Stumbled upon the idea of “radical listeningon Twitter. It complements the Three Types of Listening I learned the other day, so I decided to share it here today.

First, what is this “radical listening” thing?

Dr. Jason Purnell, an esteemed community leader, professor, and researcher at Washington University, said this: “[Radical listening is…] listening to understand and not to respond. Listening until you enter into the other’s person’s reality as much as you are able and are engaged — and changed — as a result.” (source)

The core idea is to be present, continuously notice and tame our assumptions & conclusions, and seek to make that connection with the other person — to see the person as a whole, listen to their experience, and seek to understand their point of view.

Good listening is turning down the volume of your internal chatter and turning up the volume of the person who is speaking.

This is a practice and we need to keep training that muscle to not let our own preconceived biases, stereotypes, and perceptions pollute the conversation.

In this article. Saras shared three practical things to help us stay radical in our listening.

  1. Ask good questions. Often I get the most amount of nuance when asking questions that lean into something they’ve already said. “Can I go back to something you mentioned about…” is a great way to dig deeper. “Is there anything else that you think is important to share?”
  2. Watch your body language. How are you sitting? Where are your eyes? Watch your face.
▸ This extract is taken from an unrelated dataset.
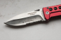 Ein preisgünstiges Rettungsmesser von Herbertz, dass durch seinen roten Griff auffällt.

The great thing about our current environment of Zoom-ing is that you can see what you look like when you’re listening to someone talk. Check-in with an honest friend for feedback. Do you have the face of someone who is genuinely interested and encouraging someone to share, or do you look combative, disapproving, or bored? Many of us don’t realize just how angry we look when we’re really just curious or thinking.
  3. Leave judgment at the door. Your values. Your morals. Your ethics. Leave all that at the door and ask questions that suggest anything is game. In our work to understand barriers of sending children to preschool for communities in poverty, instead of asking, “Does your child go to school?” we asked, “How does your child spend their day?” It’s not perfect, but it’s better than leading.

These take preparation and practice to get good at. I feel being too self conscious of my body language could be counterproductive, so I would personally boil these down to: be curious, this person is just like me and hope remembering that would automatically rewire my body language, tame my judgements, and trigger better questions.

So, whose voice is louder in your head when you’re listening?